DATA LISTING:
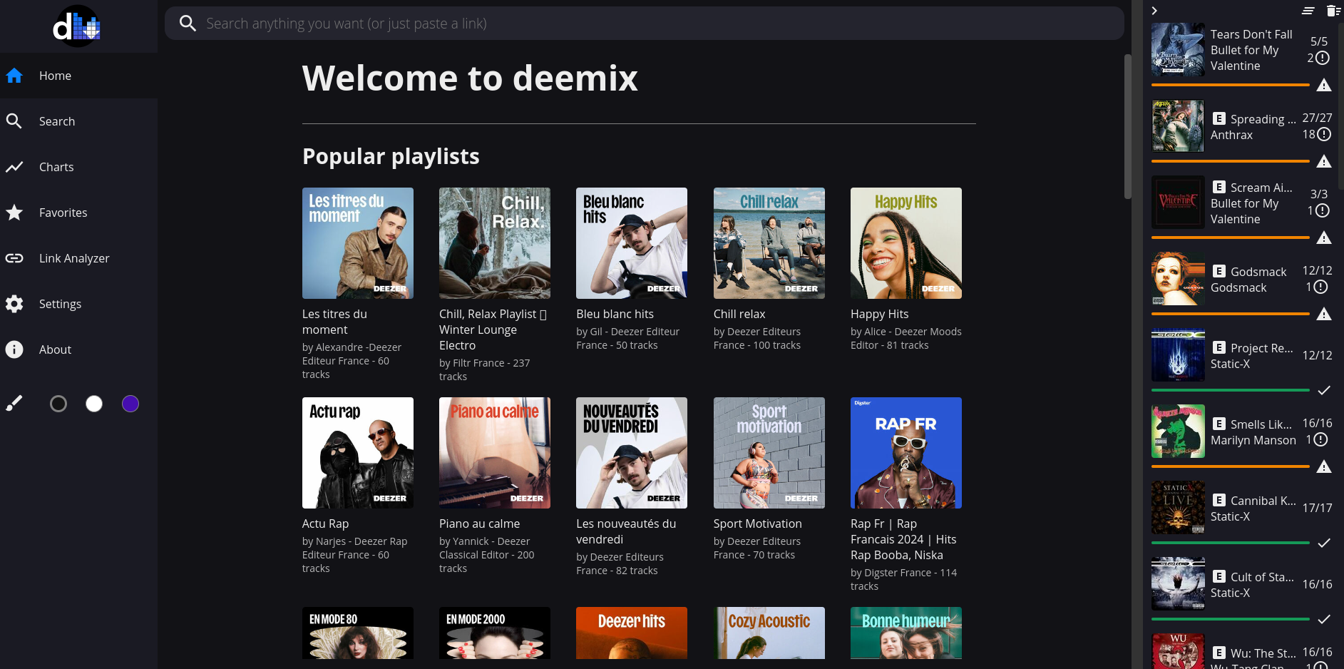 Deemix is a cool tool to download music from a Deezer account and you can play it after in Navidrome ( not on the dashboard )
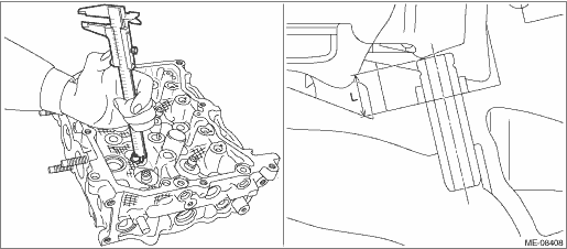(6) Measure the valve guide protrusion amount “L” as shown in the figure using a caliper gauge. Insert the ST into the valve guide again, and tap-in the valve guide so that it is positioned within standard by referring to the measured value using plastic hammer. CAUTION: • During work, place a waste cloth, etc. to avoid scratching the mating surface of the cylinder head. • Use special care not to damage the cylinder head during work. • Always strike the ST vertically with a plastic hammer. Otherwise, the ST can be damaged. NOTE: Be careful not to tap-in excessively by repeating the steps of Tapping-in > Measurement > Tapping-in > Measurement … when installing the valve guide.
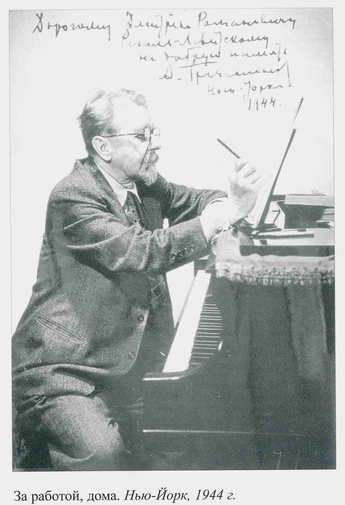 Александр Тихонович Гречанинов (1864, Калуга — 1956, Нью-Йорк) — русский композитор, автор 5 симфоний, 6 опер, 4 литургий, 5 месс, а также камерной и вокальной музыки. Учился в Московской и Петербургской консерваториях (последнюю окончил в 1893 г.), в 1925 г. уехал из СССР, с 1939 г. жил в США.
==
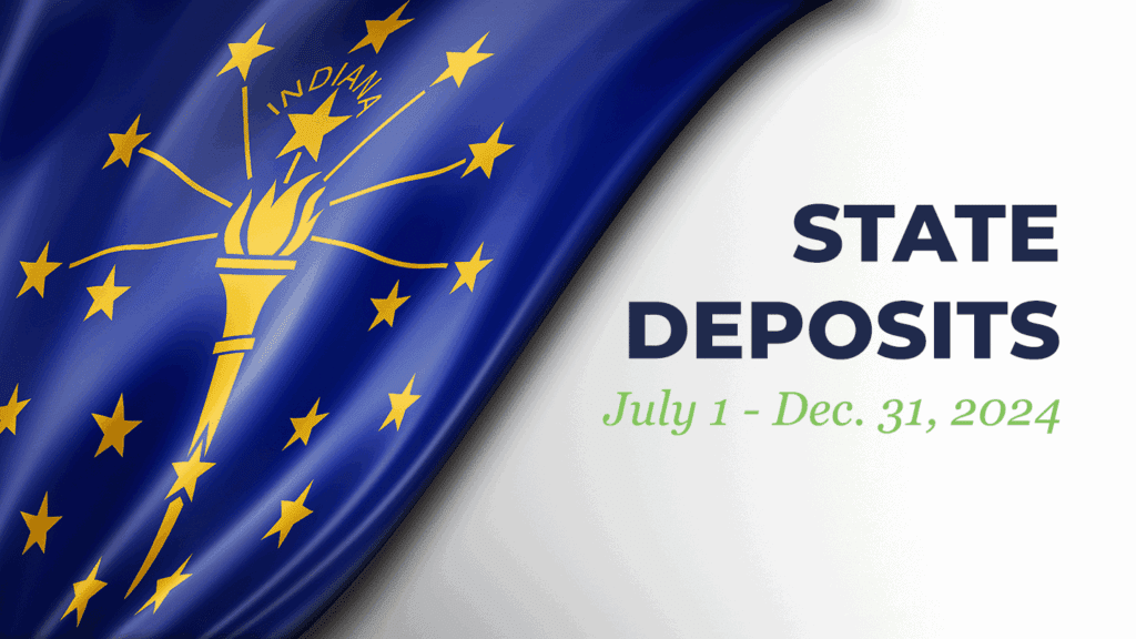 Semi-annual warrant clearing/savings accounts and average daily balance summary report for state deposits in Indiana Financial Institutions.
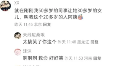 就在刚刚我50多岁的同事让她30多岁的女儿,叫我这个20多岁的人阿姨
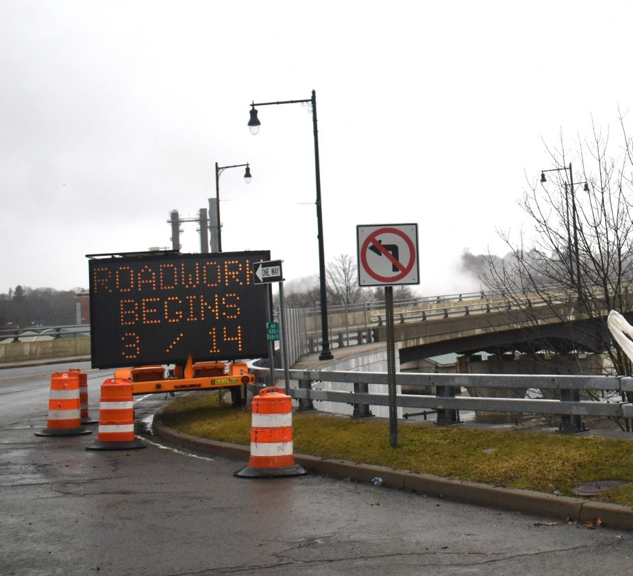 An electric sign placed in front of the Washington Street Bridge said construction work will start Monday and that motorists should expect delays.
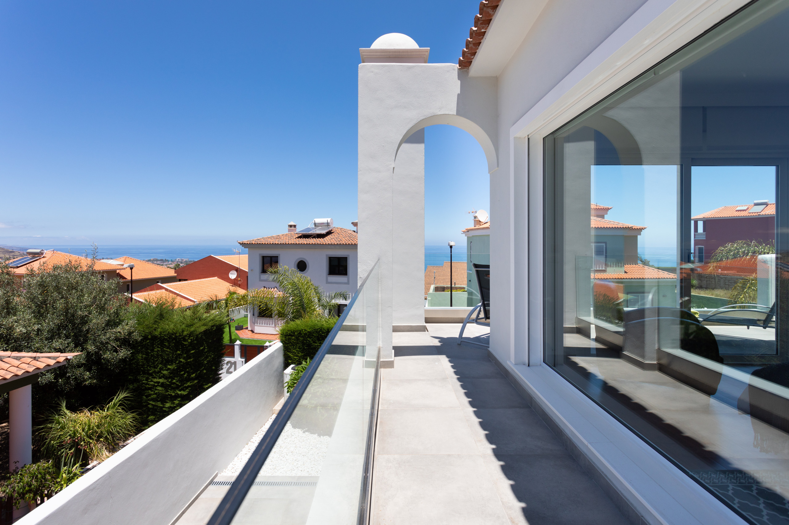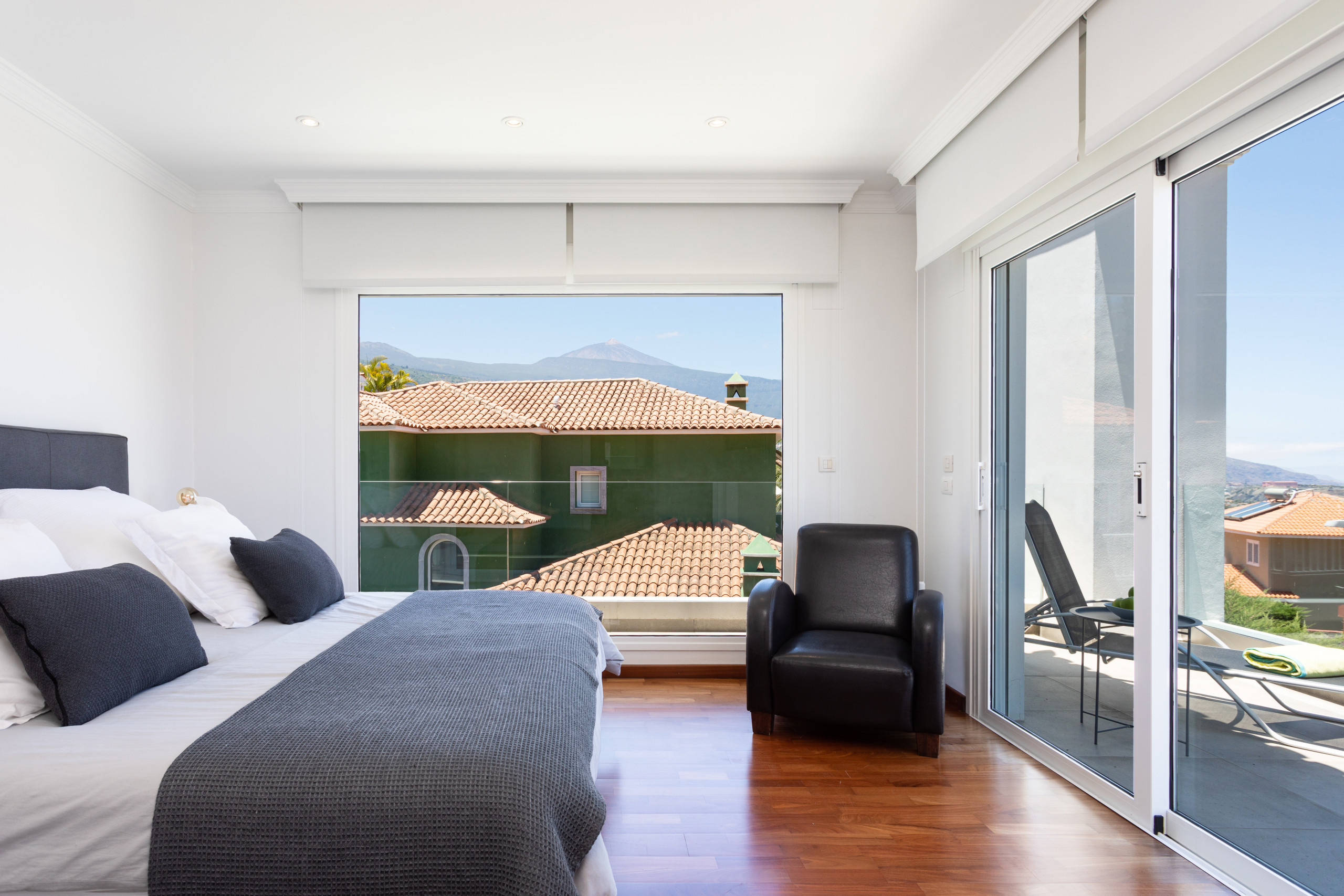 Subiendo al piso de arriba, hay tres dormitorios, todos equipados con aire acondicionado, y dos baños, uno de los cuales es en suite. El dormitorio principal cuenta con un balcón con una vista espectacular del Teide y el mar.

TASK DETAILS:
Would you write out exactly the lines above, starting at the line containing "Deemix is a" and stopping after the line containing "Александр Тихонович Гречанинов"? Omit the pictures.

EXERCISE SOLUTION:
 Deemix is a cool tool to download music from a Deezer account and you can play it after in Navidrome ( not on the dashboard )
(6) Measure the valve guide protrusion amount “L” as shown in the figure using a caliper gauge. Insert the ST into the valve guide again, and tap-in the valve guide so that it is positioned within standard by referring to the measured value using plastic hammer. CAUTION: • During work, place a waste cloth, etc. to avoid scratching the mating surface of the cylinder head. • Use special care not to damage the cylinder head during work. • Always strike the ST vertically with a plastic hammer. Otherwise, the ST can be damaged. NOTE: Be careful not to tap-in excessively by repeating the steps of Tapping-in > Measurement > Tapping-in > Measurement … when installing the valve guide.
 Александр Тихонович Гречанинов (1864, Калуга — 1956, Нью-Йорк) — русский композитор, автор 5 симфоний, 6 опер, 4 литургий, 5 месс, а также камерной и вокальной музыки. Учился в Московской и Петербургской консерваториях (последнюю окончил в 1893 г.), в 1925 г. уехал из СССР, с 1939 г. жил в США.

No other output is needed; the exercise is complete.